Re: Why did control channel closes itself?
- From: "Peter Teoh" <htmldeveloper at gmail dot com>
- To: "Masami Hiramatsu" <mhiramat at redhat dot com>
- Cc: systemtap at sources dot redhat dot com
- Date: Wed, 23 Apr 2008 10:23:28 +0800
- Subject: Re: Why did control channel closes itself?
- Dkim-signature: v=1; a=rsa-sha256; c=relaxed/relaxed; d=gmail.com; s=gamma; h=domainkey-signature:received:received:message-id:date:from:to:subject:cc:in-reply-to:mime-version:content-type:content-transfer-encoding:content-disposition:references; bh=oQrwIU5NXMm/B1/o38+0DWzU0LIj5u3Zps1N91EXi8g=; b=NHjHNZz8l4x5WVKZyL5JUOmn0y7pRyFBr25TFb9nce9Oj53hbTkYpzuFCo1b2pqS4LEBBTLWA+BrTXdt22JKZy485psPyRL5GDJauDzV/J9GyxYlnzBxwSOzURt8swMr3Q1XZk334GWWPC4GeUYhD1f9kmGlo/qFQffk5wdnK6A=
- Domainkey-signature: a=rsa-sha1; c=nofws; d=gmail.com; s=gamma; h=message-id:date:from:to:subject:cc:in-reply-to:mime-version:content-type:content-transfer-encoding:content-disposition:references; b=oKvUQ3O3DPAlR0kluowKQrllr0nTfp0z/wGAyFA8eMiuqh4IZoeeVzEhVdl+Cc8FawCFqlXb7W3IgPjqrRVo0ST9L0Wly3jxigMwc4lJ65yOA/Nh6z5JxLzAMnKFQ9HWEnw4Pm7Ue3TLdzqA5TtmqX+0fQUImtR9EGvln7CBZjU=
- References: <804dabb00804210922p3cf9294ayd9234ea75e934f70@mail.gmail.com> <480CC532.2000705@redhat.com>
Thank you Masami,
On Tue, Apr 22, 2008 at 12:47 AM, Masami Hiramatsu <mhiramat@redhat.com> wrote:
> Hi Peter,
>
>
> Peter Teoh wrote:
> > WARNING: Number of errors: 1, skipped probes: 0
> > WARNING: There were 56939 transport failures.
>
> hmm, you might have an error message.

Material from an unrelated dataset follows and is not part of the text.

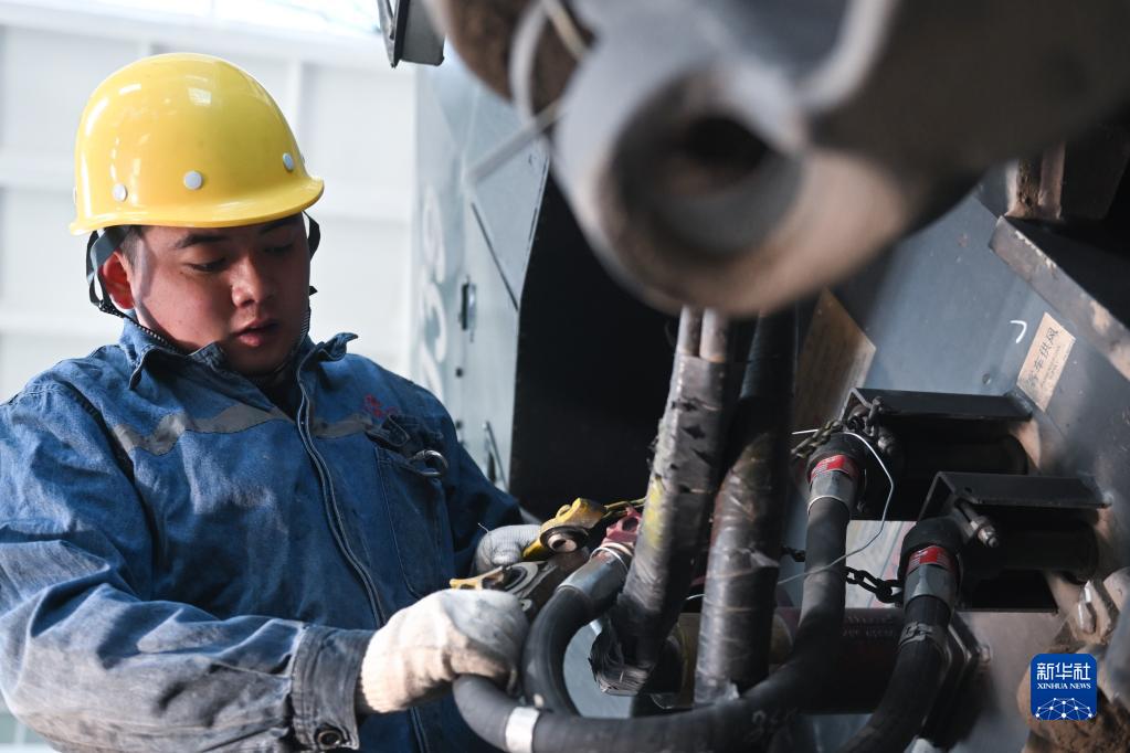 2月4日,在格爾木機務(wù)段檢修車(chē)間,馬國仁在檢修機車(chē)。

I guess that message
> has been washed away by other outputs.
>
> could you run that script with "-o outfile" option?
>
> And also, it seems that a lot of transport failuers occurred.
> I think you can reduce the transport failures by -s option.
>
stapio:stp_main_loop:282 nb=46
ERROR: probe overhead exceeded threshold
stapio:stp_main_loop:282 nb=53
WARNING: Number of errors: 1, skipped probes: 2
stapio:stp_main_loop:282 nb=51
WARNING: There were 45618 transport failures.

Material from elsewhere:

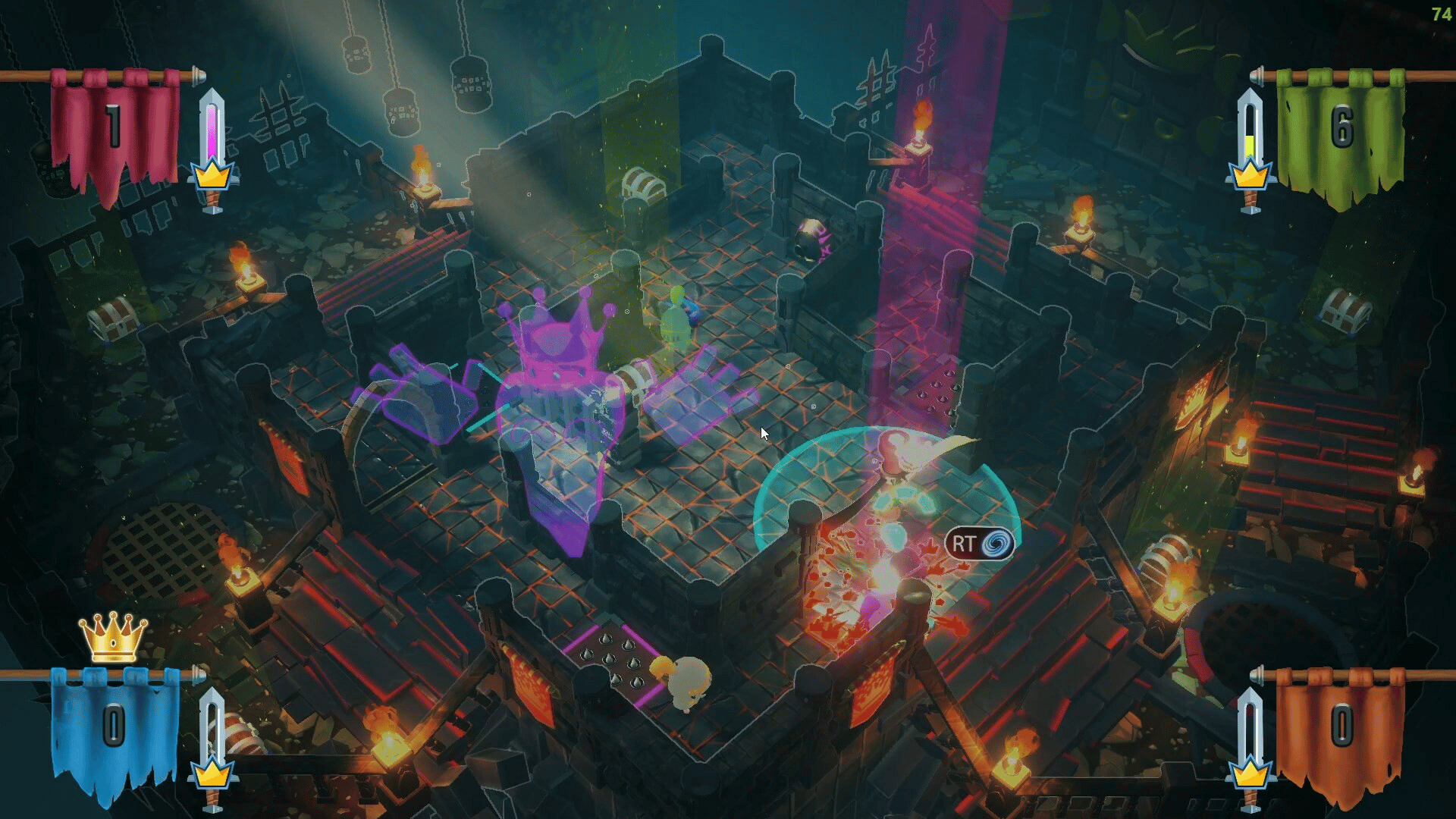 A couch co-op multiplayer game, where the goal is to grab the crown and keep it on your head for as long as possible to win the game!

stapio:stp_main_loop:282 nb=4
stapio:stp_main_loop:319 got STP_EXIT
stapio:cleanup_and_exit:234 detach=0
stapio:close_relayfs:221 closing
stapio:close_relayfs:240 done
stapio:cleanup_and_exit:247 closing control channel
stapio:cleanup_and_exit:253 removing
stap_437787d15cda3e4c2d917c2b55f74c0e_108785
Notice the error "probe overhead exceeded threshold". And
subsequent control-C does not stop the execution, it just hanged
without any response.
My version is the latest:
1482d30eb166b566e99fa21f9cd697abb711c30e branch 'master' of git:/
/sources.redhat.com/git/systemtap
lsmod |grep stap
stap_437787d15cda3e4c2d917c2b55f74c0e_108785 528444 1
Most likely irrelevant but the last few lines in the output file are:
60165
60166 857 Xorg(3118): -> __resched_task
60167 0xc041a18b : __resched_task+0x1/0x63
60168 0xc06377a6 : kretprobe_trampoline_holder+0x3/0x33
60169 0xc06377a6 : kretprobe_trampoline_holder+0x3/0x33
60170 0xc04370e2 : hrtimer_interrupt+0xe0/0x13f
60171 0xc0413206 : smp_apic_timer_interrupt+0x6c/0x82
60172 0xc0405394 : apic_timer_interrupt+0x28/0x30
60173 0xc041c237 : __wake_up_sync+0x3a/0x44
60174 0xc06377a6 : kretprobe_trampoline_holder+0x3/0x33
60175 0xc05c204c : sock_wfree+0x22/0x37
60176 0xc05c3ee4 : skb_release_all+0x69/0xbc
60177 0xc05c3804 : __kfree_skb+0xb/0x66
60178 0xc05c388d : kfree_skb+0x2e/0x30
60179 0xc061f558 : unix_stream_recvmsg+0x357/0x486
60180 0xc05be7e1 : sock_aio_read+0xed/0xfb
60181 0xc0473c52 : do_sync_read+0xab/0xe9
60182 0xc04743f8 : vfs_read+0x9b/0x131
60183 0xc047486a : sys_read+0x3b/0x60
60184 0xc04048c6 : ia32_sysenter_target+0x66/0x8c
60185
60186 880 Xorg(3118): <- __resched_task
60187
60188 883 Xorg(3118): <- task_tick_fair
60189
60190 886 Xorg(3118): <- hrtick
60191
All the above names have been repeated many times before, I must emphasize.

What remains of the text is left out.